The main holdup in negotiations has been the Trump administration’s unwillingness to ease sanctions on North Korea, even if only partially and in a reversible manner, until North Korea commits to complete denuclearization, so “if Trump makes a decision to loosen some sanctions I think we could see this roll into a deal pretty quickly,” Victor Cha, a Korea expert at the Center for Strategic and International Studies and onetime candidate to be Trump’s ambassador to South Korea, told me.
Thae Yong Ho, a former North Korean diplomat and one of the highest-ranking officials ever to defect from the country, told me Kim has been indicating to the president “that he will continue the friendship, but in the meanwhile he has the means to destroy President Trump’s dream to be reelected by resuming” nuclear and missile tests.
But there is another (not necessarily mutually exclusive) theory of what’s behind the Kim government’s behavior in recent months: It already tried to strike while the iron was hot, only to discover that the iron wasn’t as hot as it anticipated.
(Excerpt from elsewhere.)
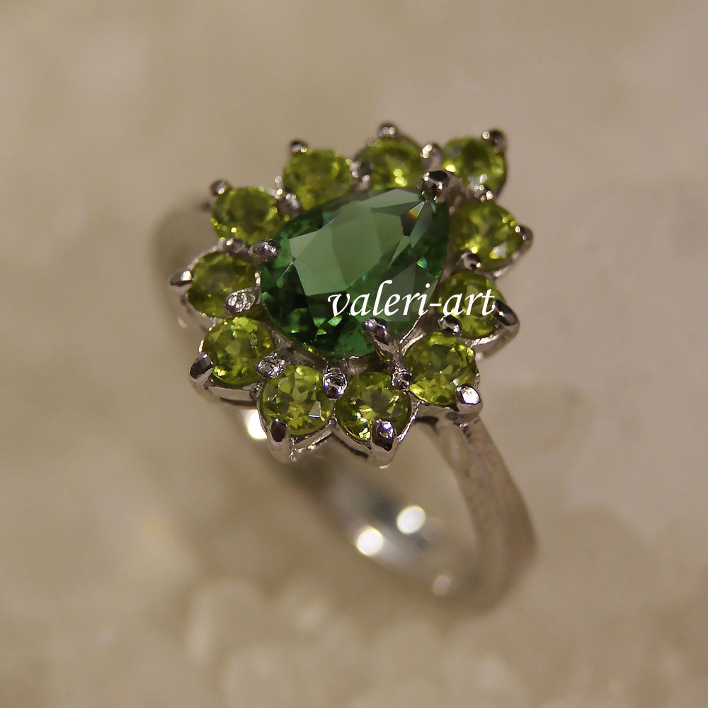 Серебряное кольцо с султанитом г/т. Роскошное кольцо. Очень эффектное, очень яркое украшение из родированного серебра и султанита г/т. Камень меняет свой цвет в зависимости от освещения. Камень то зеленый, то медово-горчичный, то фиолетовый. Идеальный подарок! Способность султанита менять цвет – его главная прелесть и загадка. Известно о таких же свойствах аметиста и александрита, но у нашего камня более разнообразная гамма оттенков. При тусклом освещении или в пасмурный день он зеленый, словно молодая трава. При свете поярче он приобретает коричневые, янтарные, желтые оттенки.

During the second Trump-Kim summit, in Vietnam, Kim proposed that the Trump administration lift most sanctions in exchange for the dismantlement of North Korea’s main nuclear facility. The Americans refused to settle for partial denuclearization, and so the North Koreans may no longer have much interest in concluding an agreement with Trump—at least until they have more certainty about who will be the next president.